▼

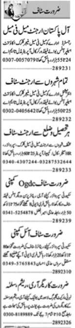 Private Multan, multan Punjab Pakistan invites applications from eligible candidates for the post of field worker, retired person, office boy, security supervisor, clerk, supervisor, computer operator, embroidery worker, call operator, accountant, helper, hr manager, field staff and manager as per advertisement of September 28, 2023 published in daily Dunya Newspaper. Candidates with Middle, Matric, Master, Intermediate and Bachelor etc. educational background will be preferred.
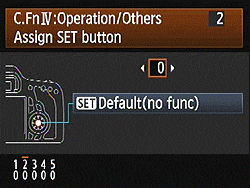 Through Custom Function IV-1, the behavior of the Shutter, AF-On, and AE Lock buttons can be changed. By default, autofocus and metering are initiated with a half-press of the shutter button or the AF-On button, while a single press of the AE Lock button locks exposure until the 60D's metering system powers down. There are no less than eight alternatives to this behavior. The first unbundles focus functions from the shutter button, so that the AF-On button must be used to lock focus. The second option does the same, but switches the functions of the AF-On and AE Lock buttons. A third option locks exposure with either the AE Lock button or a shutter button half-press, while AF and metering are handled by the AF-On button. Option four again reverses the functionality of the AF-On and AE Lock buttons from the third option. The fifth options replicates the second one, but also triggers autofocus with a half press of the shutter button. Option six uses the shutter button to start metering and autofocus, the AF-On button to cease autofocus operation, and the AE Lock button as its name would suggest. The next option again reverses the behavior of the AF-On and AE Lock buttons. Option eight is similar to number six, but disables the AF-On button altogether. Finally, option nine instead disables the AE Lock button, and uses the AF-On button for this function instead. Custom Function IV-2 allows functions to be assigned to the Set button, located in the center of the Multi-controller. By default, this button serves no purpose in Record mode. If desired, however, it can provide quick access to image quality, picture style, white balance, flash exposure compensation, or viewfinder electronic level functions. When set to this last, information from the single-axis roll level is used to provide a level display using the exposure level scale in the viewfinder. Finally, Custom Function IV-3 allows the direction of the Main and Quick Control dials to be reversed when adjusting the Aperture or Shutter values in Priority, Manual, or Bulb-mode shooting. Rather counterintuitively, this option is ignored when in movie mode, and doesn't affect dial rotation for exposure compensation, nor for Program Shift. In Movie mode, there is similar functionality to Custom Function IV-1, but it is set through an option in the Movie menu, since the Custom Function menu can't be accessed in Movie mode. The option set here is separate from that for still image shooting, allowing different control mappings in each mode. A separate option allows autofocus with the shutter button to be enabled or disabled in Movie mode.
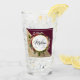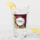 Trinkglas mit goldfarbenem Marmormuster und solider bordeauxroter Farbe in diagonaler Form. Ein Kreis mit einem Imitat mit goldfarbener Folienabdeckung, der auf einem hübschen Blumenstrauß mit Rose, Nelken und anderen Blume verlegt ist. Personalisieren Sie mit Ihrem Namen und Monogramm im Kreis.
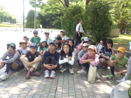 その後,平和の集いをするために少し木陰で休憩中のようですね。
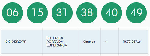Ninguém acertou as seis dezenas da Mega Sena sorteadas nesta quinta-feira. Assim, o prêmio segue acumulado e deve chegar a R$ 100 milhões no próximo sorteio, sábado. A quina teve 61 apostas ganhadoras, sendo cinco no Paraná e uma delas feita na lotérica Porta da Esperança, em Goioerê. Faturou R$ 77,9 mil.
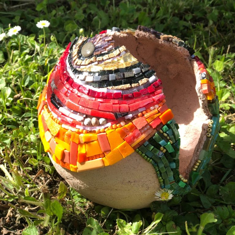 À 30 ans, j’ai ressenti un besoin profond de changement : quitter les tubes à essai des laboratoires pour me reconnecter à ma créativité et donner un nouveau sens à ma vie professionnelle. Animée par une envie viscérale de créer de mes mains, je souhaitais intégrer l’École Internationale de Mosaïque de Spilimbergo (Italie). Mais la limite d’âge étant dépassée, cette voie directe m’était fermée.
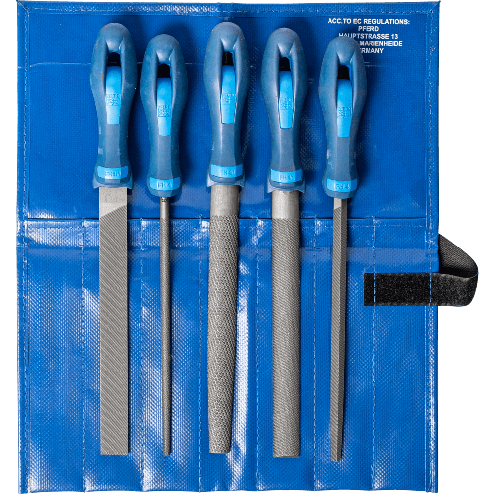 Kvalitné pilníky pre priemysel a obchod v ochrannom a klimaticky odolnom PVC obale na uskladnenie v náradí alebo na pracovnej doske. Každý pilník je vybavený ergonomickou rukoväťou.
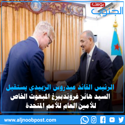 استقبل الرئيس عيدروس قاسم الزُبيدي، رئيس المجلس الانتقالي الجنوبي القائد الأعلى للقوات المسلحة الجنوبية، اليوم الثلاثاء، في مقر رئاسة المجلس الانتقالي بالعاصمة عدن، المبعوث الخاص لأمين عام الأمم المتحدة الى اليمن، سعادة هانز غروندبرغ.
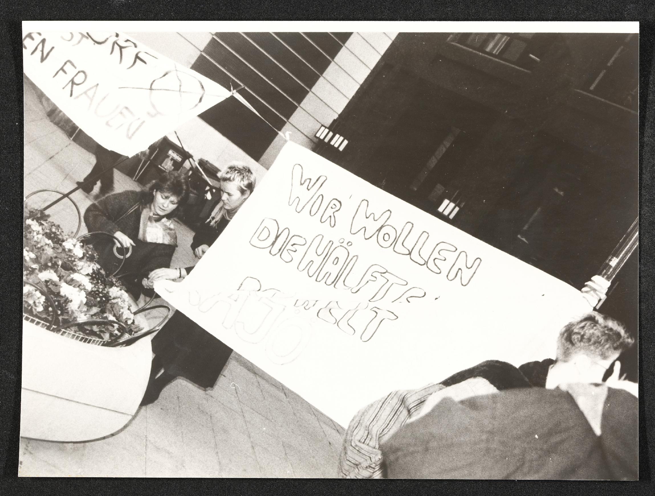| Beschreibung | Lohnhürdenlauf der Katholischen Arbeiterjugend (KAJ) am Internationalen Frauentag, 8. März 1990, Stephansplatz |

▲

What you need to do:
The result should hold only the lines from the line with "その後,平和の集いをするために少し木陰で休憩中のようですね。" through the final line of the records above, copied exactly, with pictures left out.

Written answer:
 その後,平和の集いをするために少し木陰で休憩中のようですね。
Ninguém acertou as seis dezenas da Mega Sena sorteadas nesta quinta-feira. Assim, o prêmio segue acumulado e deve chegar a R$ 100 milhões no próximo sorteio, sábado. A quina teve 61 apostas ganhadoras, sendo cinco no Paraná e uma delas feita na lotérica Porta da Esperança, em Goioerê. Faturou R$ 77,9 mil.
 À 30 ans, j’ai ressenti un besoin profond de changement : quitter les tubes à essai des laboratoires pour me reconnecter à ma créativité et donner un nouveau sens à ma vie professionnelle. Animée par une envie viscérale de créer de mes mains, je souhaitais intégrer l’École Internationale de Mosaïque de Spilimbergo (Italie). Mais la limite d’âge étant dépassée, cette voie directe m’était fermée.
 Kvalitné pilníky pre priemysel a obchod v ochrannom a klimaticky odolnom PVC obale na uskladnenie v náradí alebo na pracovnej doske. Každý pilník je vybavený ergonomickou rukoväťou.
 استقبل الرئيس عيدروس قاسم الزُبيدي، رئيس المجلس الانتقالي الجنوبي القائد الأعلى للقوات المسلحة الجنوبية، اليوم الثلاثاء، في مقر رئاسة المجلس الانتقالي بالعاصمة عدن، المبعوث الخاص لأمين عام الأمم المتحدة الى اليمن، سعادة هانز غروندبرغ.
| Beschreibung | Lohnhürdenlauf der Katholischen Arbeiterjugend (KAJ) am Internationalen Frauentag, 8. März 1990, Stephansplatz |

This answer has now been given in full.